Published Oct 9, 2008
jhns9vl
5 Posts
Today a retired doctor told me that we should be placing the member on the abdomen and taping the foley straight up on the abd? I have never heard of this, is this standard practice in larger ICU's?
WolfpackRed
245 Posts
I don't think so. Most of the time the member is left in its natural position and a cath-secure device is attached to the leg.
But, if anyone has evidence to show different, I am open to it.
Reno1978, BSN, RN
1,133 Posts
I've heard of this before, but it isn't common practice where I work. I think the rationale had something to do with the anatomy of the member. Now, I've been male for quite a while now and I just don't agree that, in a flaccid state, the urethra would be pointed toward the umbilicus. I'd imagine that would cause persistent urethral traction, especially with Q2H turns. I use the inner thigh to secure foleys to male or female patients.
sicushells, RN
216 Posts
Eww... I would definately ask for a rationale for that one.

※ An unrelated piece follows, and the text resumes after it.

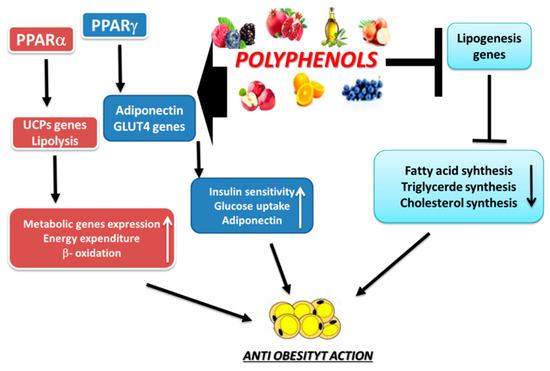 Since polyphenols are extensively modified, and the forms appearing in the blood and tissues are usually different from the forms found in plants; thus, greater attention should be focused on exploring the potential biological activity of polyphenol metabolites, as well as deepening the interaction with the microbiome. In understanding bioavailability of polyphenols, the differences between animal models and human should be taken into account. In order to verify the anti-obesity benefits of polyphenols in in vivo conditions, there is still a lot of scientific research to be done, and well-designed and adequately powered human studies, that undoubtedly verify health-promoting activity of polyphenols in in vivo conditions, are necessary.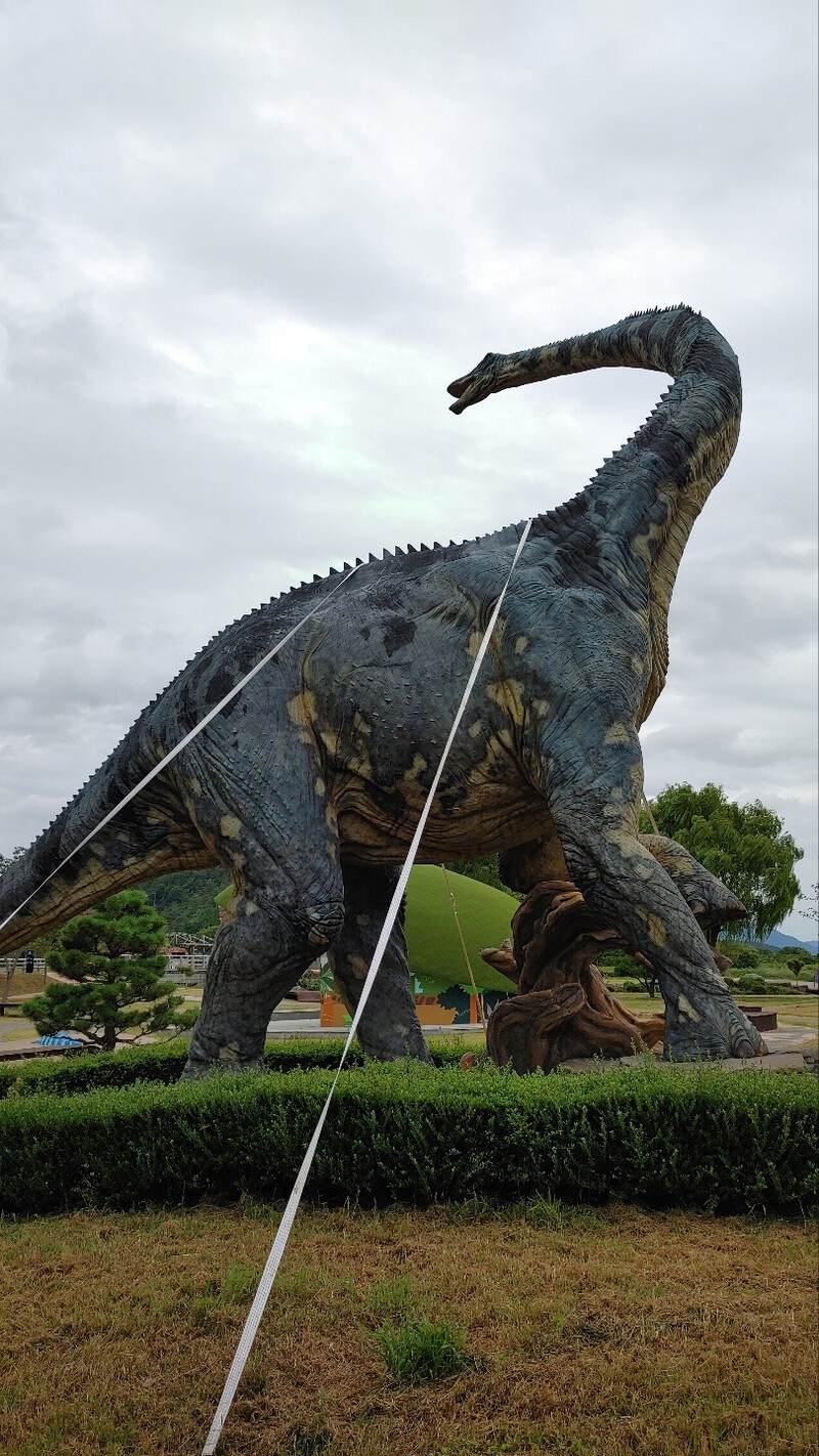 These photos provided by Haenam-gun, Jeollanam-do, show dinosaur models on display outside the Dinosaur Museum on the 3rd, tied tightly with ropes. Haenam-gun has begun to prevent damage by tying up dinosaur models as Typhoon Hinnamnor moves north toward the Korean Peninsula.

Maybe he was joking? What role did the retired doctor have that he was telling you this?
dennie05
2 Posts
I assisted a urologist at bedside the other day...he had to dilate the uretha several times to pass thru an obstruction and than place a coude catheter. He taped the member up onto the abdomen, a little to the side. The patient was wide awake without any meds:eek:.
NativePapillon
16 Posts
Lol. I'm a woman, and that made me cringe.
nursekatie22, RN
195 Posts
yikes!!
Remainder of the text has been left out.